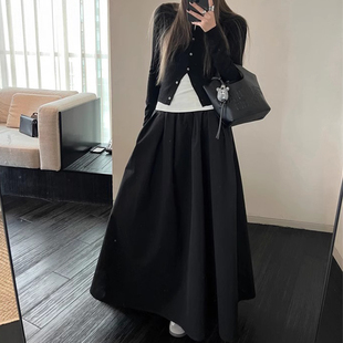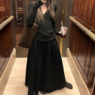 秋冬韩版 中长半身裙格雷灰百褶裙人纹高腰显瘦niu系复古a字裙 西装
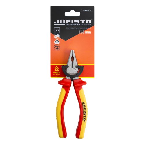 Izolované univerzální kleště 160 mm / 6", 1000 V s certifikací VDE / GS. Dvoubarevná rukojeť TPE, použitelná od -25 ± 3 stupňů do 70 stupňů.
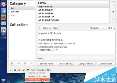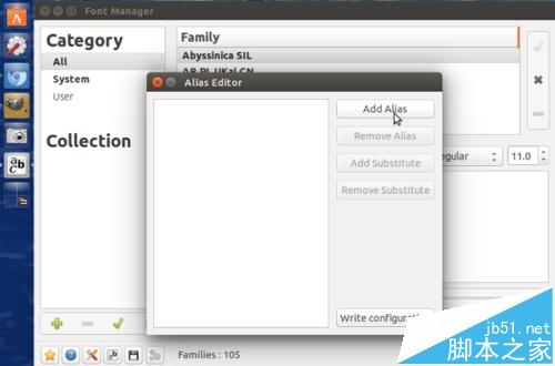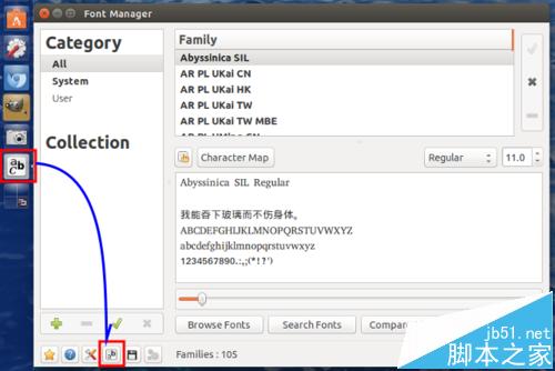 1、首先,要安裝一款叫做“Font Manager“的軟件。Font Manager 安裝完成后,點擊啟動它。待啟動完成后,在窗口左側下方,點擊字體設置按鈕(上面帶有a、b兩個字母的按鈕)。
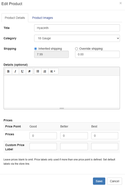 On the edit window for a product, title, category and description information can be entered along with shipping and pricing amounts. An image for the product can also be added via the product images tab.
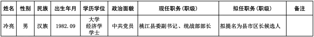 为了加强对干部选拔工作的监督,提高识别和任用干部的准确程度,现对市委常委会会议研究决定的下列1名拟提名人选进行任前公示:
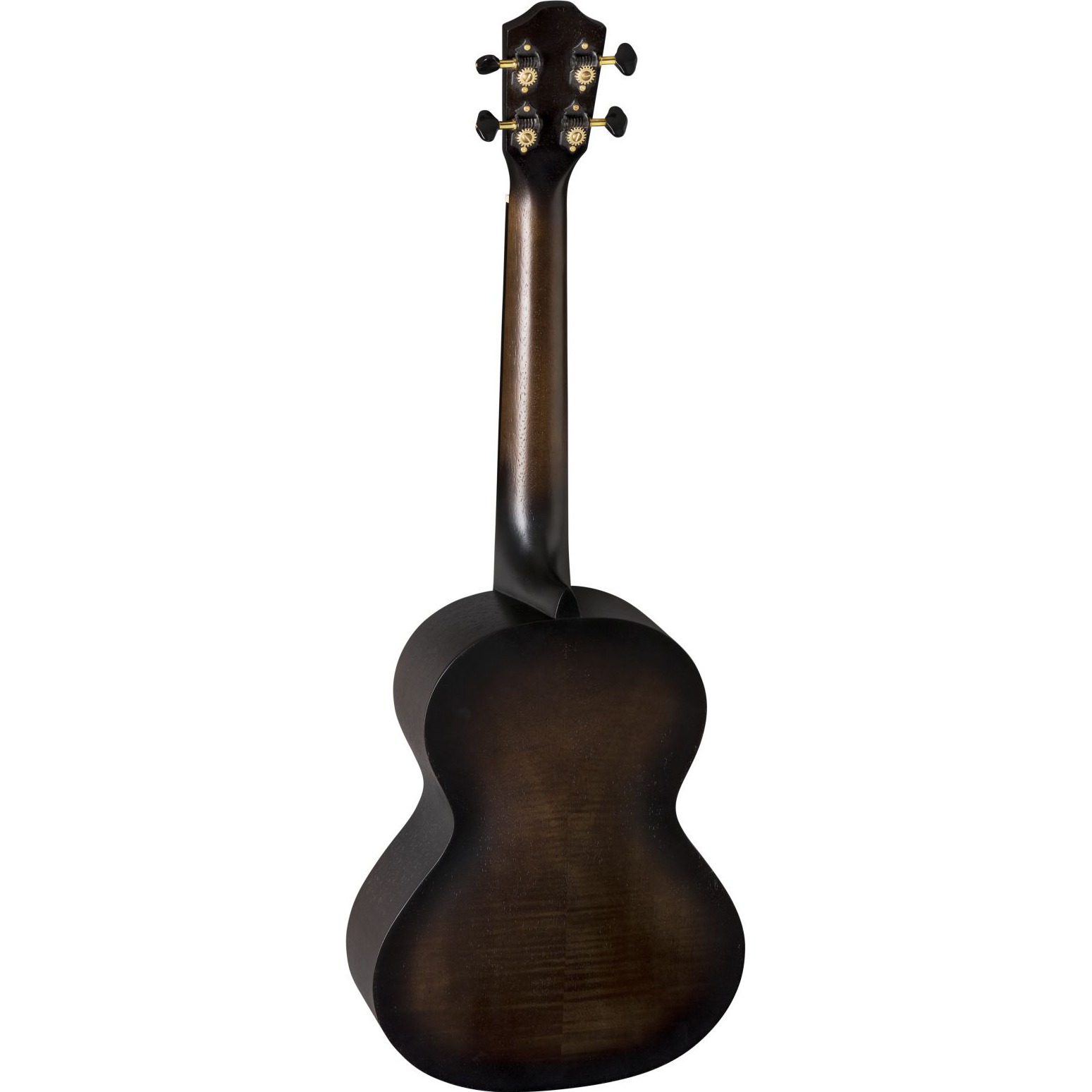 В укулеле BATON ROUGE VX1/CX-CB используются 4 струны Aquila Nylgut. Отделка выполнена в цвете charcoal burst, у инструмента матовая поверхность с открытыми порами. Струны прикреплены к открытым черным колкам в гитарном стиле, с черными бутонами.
^^^^
- Exercise goal
For this exercise, return every entry verbatim and omit all pictures.

- Solution below
 秋冬韩版 中长半身裙格雷灰百褶裙人纹高腰显瘦niu系复古a字裙 西装
 Izolované univerzální kleště 160 mm / 6", 1000 V s certifikací VDE / GS. Dvoubarevná rukojeť TPE, použitelná od -25 ± 3 stupňů do 70 stupňů.
 1、首先,要安裝一款叫做“Font Manager“的軟件。Font Manager 安裝完成后,點擊啟動它。待啟動完成后,在窗口左側下方,點擊字體設置按鈕(上面帶有a、b兩個字母的按鈕)。
 On the edit window for a product, title, category and description information can be entered along with shipping and pricing amounts. An image for the product can also be added via the product images tab.
 为了加强对干部选拔工作的监督,提高识别和任用干部的准确程度,现对市委常委会会议研究决定的下列1名拟提名人选进行任前公示:
 В укулеле BATON ROUGE VX1/CX-CB используются 4 струны Aquila Nylgut. Отделка выполнена в цвете charcoal burst, у инструмента матовая поверхность с открытыми порами. Струны прикреплены к открытым черным колкам в гитарном стиле, с черными бутонами.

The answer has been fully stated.